Flow processing long lines file

jmilet · April 30, 2017, 7:38pm

Hello,

I’m playing with Flow, just a copy&paste of the example code found in the github README of the project. Everything works well except that when I process a 1.2 Gb text file. The file doesn’t have too many lines, but each line is longer than 15 Kb.

The execution takes forever.

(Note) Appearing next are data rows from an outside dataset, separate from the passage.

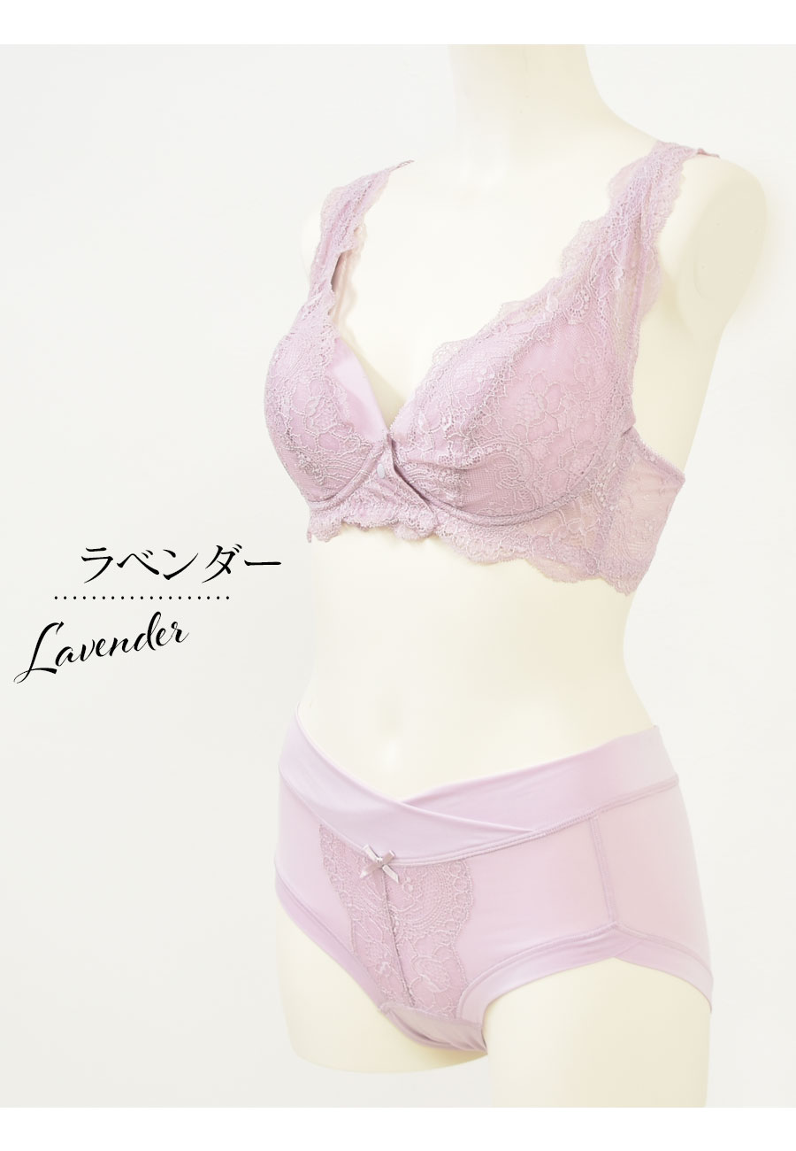 クロスオープンタイプの授乳ブラと産前産後対応のショーツのセットです。ブラジャーはストレッチレースを使い、ノンワイヤーで作られています。締めつけが少なく、胸の大きさが変わってもストレスを感じさせません。
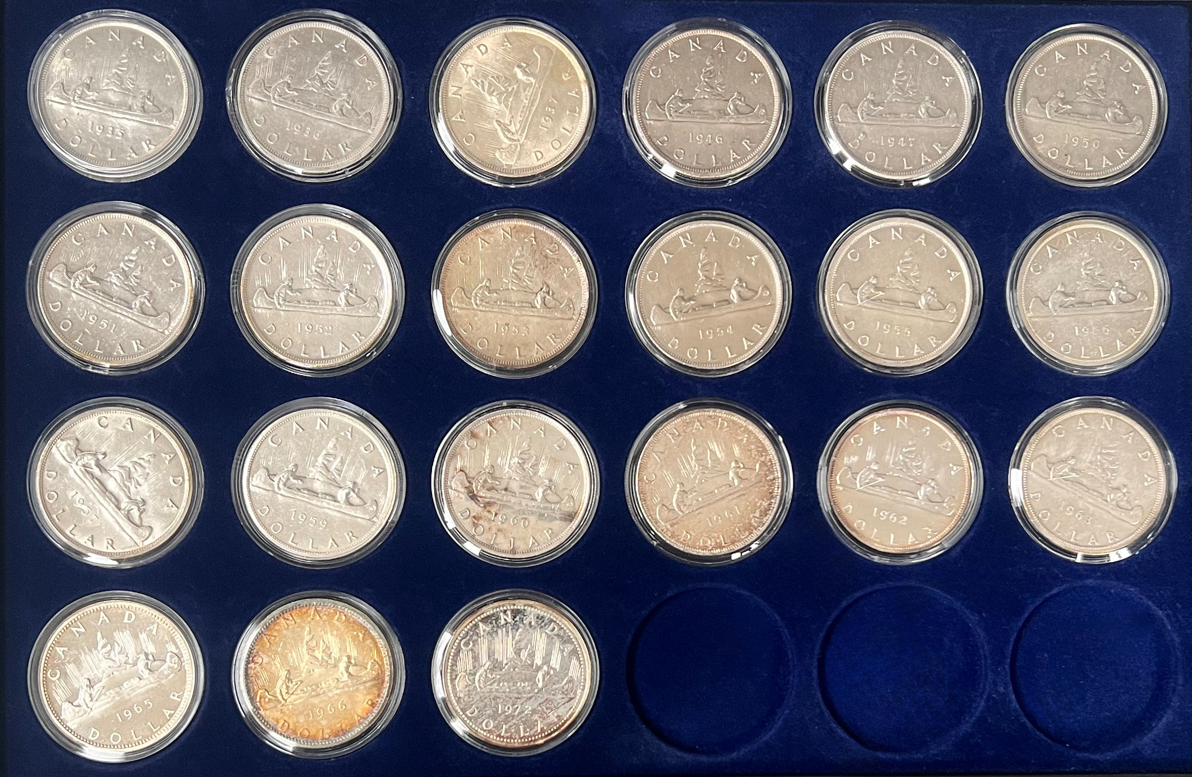 Sammlung mit 21 Stück des kanadischen Silberdollars mit dem Motiv
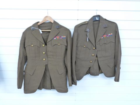 Two British Army WWII Argyll & Sutherland Highlanders sporrans and tunics for Lt Colonel E Remington Hobbs with portrait, in vintage suitcase
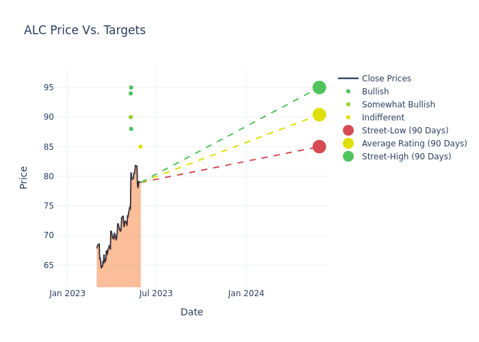 According to 11 analyst offering 12-month price targets in the last 3 months, Alcon has an average price target of $87.09 with a high of $95.00 and a low of $81.00.
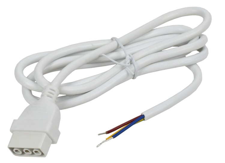Кабель питания белого цвета с сечением проводников 3*0,75. Длина кабеля составляет 1,5 м. Применяется для подключения к сети линейных светильников серии 1020, 1022.
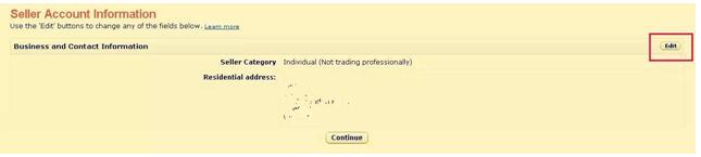 進入后就是Seller Account Information頁面,我們可以看到此時的Seller Category仍舊是Individual,右側有一個可點擊的edit按鈕,如圖:
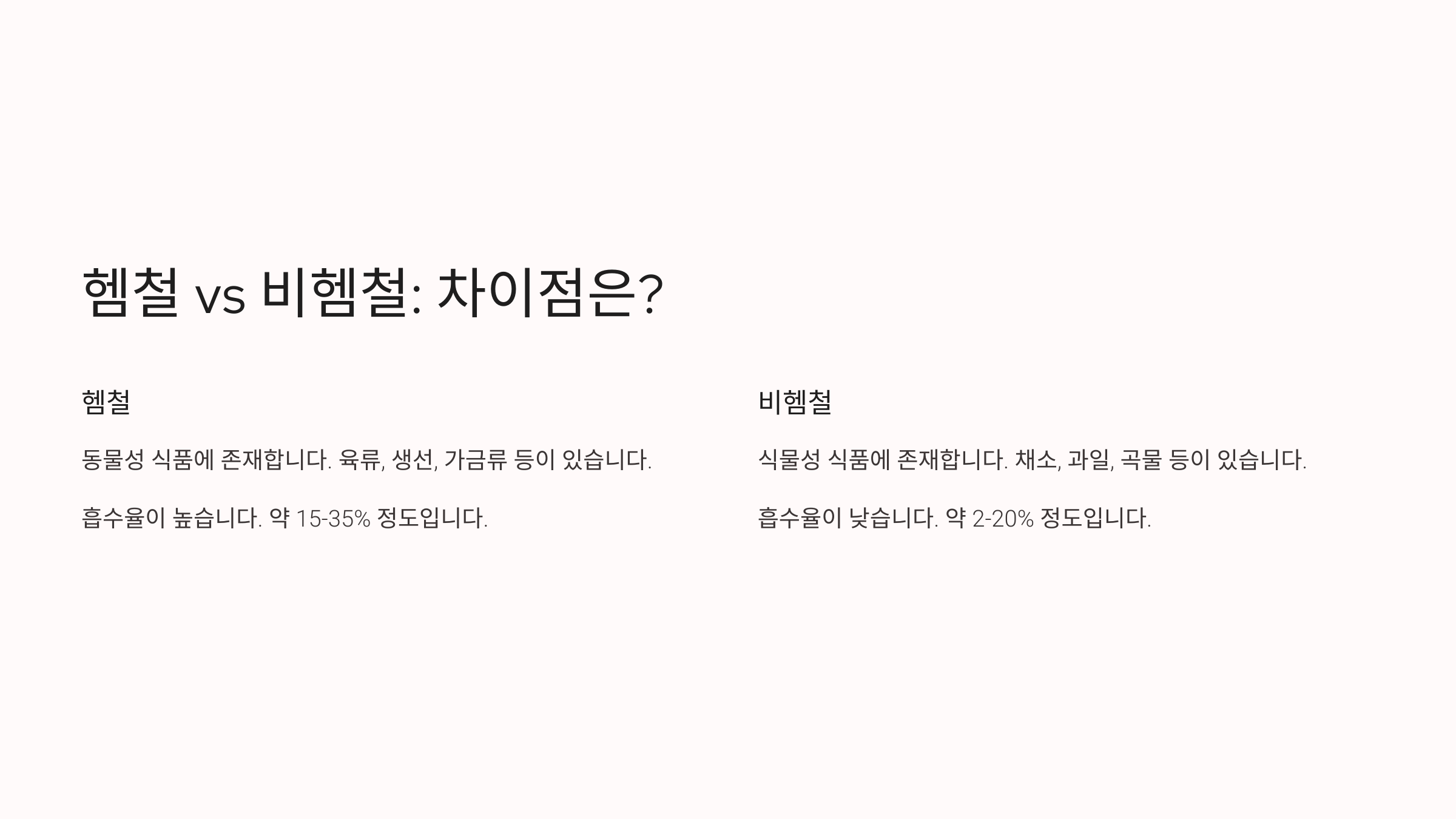 | 구분 | 헴철 (Heme Iron) | 비헴철 (Non-Heme Iron) |
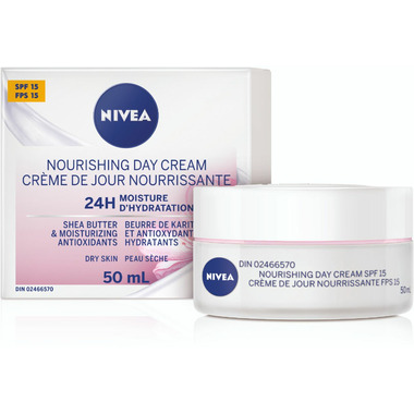 NIVEA Essentials 24H Moisture Boost + Nourish Day Cream with SPF for Dry Skin - NOURISH YOUR DRY SKIN Essentials 24H Moisture Boost + Nourish Day Cream with SPF 15 is a lightweight, non-greasy cream that has been specially formulated to hydrate and deeply nourish skin during the day. Enriched with Shea Butter & moisturizing antioxidants, it delivers fast-absorbing moisture and long-lasting hydration for plump-looking, smooth skin. The moisturizing formula contains SPF 15 to help protect the skin from sunburn and sun damage during the day. The moisturizer also helps protect your skin from environmental stressors that may cause dryness and soothes dry skin all day long for long-lasting smoother skin
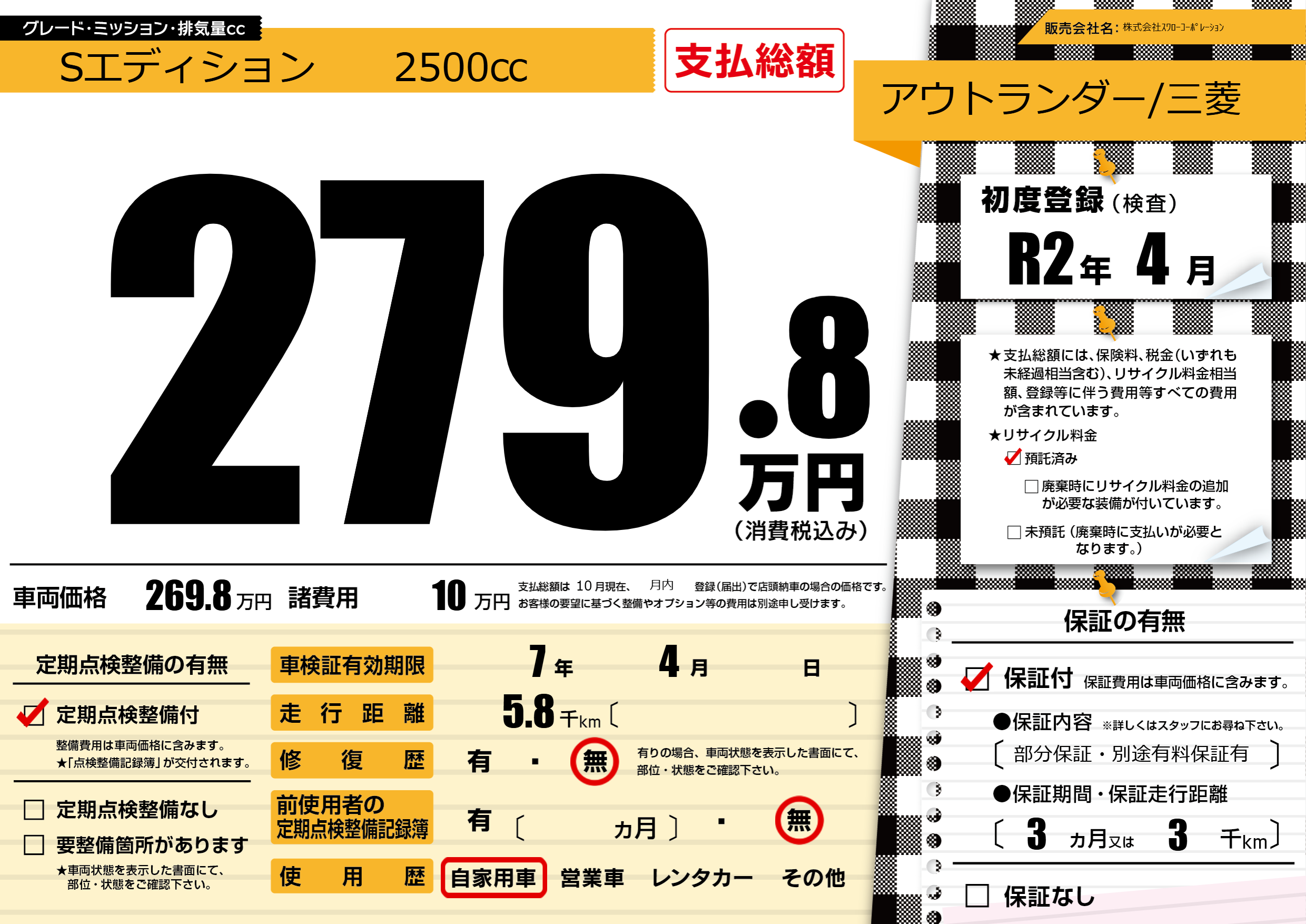 保証付き 保証内容(部分保証・別途有料保証有) 3ヶ月または(3)千kmまで |
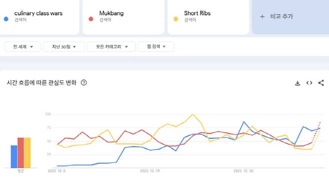 특히 이번 시즌은 단순한 시청을 넘어 실질적인 메뉴 탐색과 한국 식문화 콘텐트 소비로 이어지는 파격적인 파급력을 보였다. 2주 차 에피소드 공개 직후인 12월 24일에는 ‘갈비(Short Ribs)’ 키워드 검색량이 구글 트렌드 지수 기준 만점인 100을 기록하며 폭발적인 반응을 이끌어냈다.

Observer shows millions of reductions and just a few messages in the queues of the GenStage processes so I guess the problem has to do with the long lines of the file.

This is not a problem for me, actually it’s just a test, but I’d like to know what is happening.

Thank you very much.

Juan Miguel

jmilet · May 1, 2017, 6:40am

Maybe my question is too vague, I will try to add some additional information.

This is the code from the GitHub project’s README that I’m using.

File.stream!("path/to/some/file")
|> Flow.from_enumerable()
|> Flow.flat_map(&String.split(&1, " "))
|> Flow.partition()
|> Flow.reduce(fn -> %{} end, fn word, acc ->
  Map.update(acc, word, 1, & &1 + 1)
end)
|> Enum.to_list()

And this is a Go code to compare to that can execute the task quite fast.

https://play.golang.org/p/jxep8DfnN1

As mentioned in the previous post, the only problem I can see is related to the long string management in the Erlang VM, but I’d like to know what you think about it.

Please, let me know if I can add any further information.

Thanks.

Juan Miguel

Qqwy · May 1, 2017, 6:44am

You have the option to stream files by a set number of bytes instead of per line. Other than that, I’m not sure what you can do to improve this.

benwilson512 · May 1, 2017, 7:44am

You probably want to alter the default max_demand setting. By default it’s going to process lines in chunks of 2000 lines at a time. For very large lines this may not be what you want.

rubencaro · May 4, 2017, 11:58am

Can we confirm that this is a limit of Flow’s possibilities?

benwilson512 · May 4, 2017, 12:08pm

The limit here has very little to do with flow, and more to do with File.stream!. File.stream! will either do it by bytes, or by line, and a line may be arbitrarily large and not actually what you want to deal with.

Secondly, the comparison with go code is not the same. As I already said, the Elixir example is reading in and processing 2000 lines at a time. It’s also gonna have a default concurrency of System.schedulers_online() which is a concurrency of 8, not go’s 32.

Qqwy · May 4, 2017, 12:10pm

I don’t think it is a limit, since Flow is configurable in that regard.

The problem of parsing an input stream is however a hard one, and what settings work best is very dependent on your actual input.

For many applications, it is very sensible to split up information based on newlines. But when you have very long lines, you might rather want to split based on another character (e.g. the , for CSV-like data, or when counting words), or based upon some fixed amount of bytes.

It depends on what you have as input what works an what not. This is not a limitation of Flow, this is a problem decision you will need to make in any language and environment.

rubencaro · May 4, 2017, 12:28pm

Thanks guys! Good to know.